Momentum / RMSProp Lesson 5

Hi everyone :wave:

I’m trying to wrap my head around intuition and math of how does RMSProp and momentum actually work and I’m having one heck of a time :slight_smile:

From a high level I understand that we use these two techniques to “speed” up good old gradient descent.

For momentum my understanding is that it basically calculates an exponentially weighted moving average of gradients and uses that to calculate the weight as opposed to just using the gradient. What that does is that “direction” to local optima becomes “steeper” (pic below for illustration)

Does that explanation sound right? I think where I get confused the most is how does exponentially weighted moving average of gradients actually result in having a steeper path towards local optima.

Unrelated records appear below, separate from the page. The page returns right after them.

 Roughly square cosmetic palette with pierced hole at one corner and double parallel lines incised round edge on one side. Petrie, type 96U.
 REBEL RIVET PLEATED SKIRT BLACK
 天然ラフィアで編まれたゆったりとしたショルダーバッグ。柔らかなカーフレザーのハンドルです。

For RMSProp, how does having a exponentially weighted moving average of gradients squared help with moving “faster”/steeper? Is it because it’s squared?

Sorry if these questions don’t make any sense, I’m just trying to understand how this works epoch by epoch and there’s quite a few of moving parts :grimacing:

With SGD, we don’t compute the exact derivative of the loss function. We estimate it on a small batch which results in noisy derivatives and we don’t head towards an optimal direction. So, exponentially weighted averages can provide us a better estimate which is closer to the actual derivative than our noisy calculations. Also as we iterate more and more towards the goal, old terms in this exponentially weighted average become less significant.

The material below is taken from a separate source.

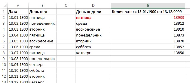Кстати, странный математическо-календарный факт - среди прочих дней недели вероятность того что 13-е число окажется пятницей наибольшая.

RMSProp is just a less aggressive version of Adagrad.

Adagrad:

cache += dx**2
x += - learning_rate * dx / (np.sqrt(cache) + eps)

RMSProp:

cache = decay_rate * cache + (1 - decay_rate) * dx**2
x += - learning_rate * dx / (np.sqrt(cache) + eps)

With high gradients, the effective learning rate gets reduced and with low gradients, the effective learning rate gets increased. The squared gradients are just used to update the learning rate as per the current gradient.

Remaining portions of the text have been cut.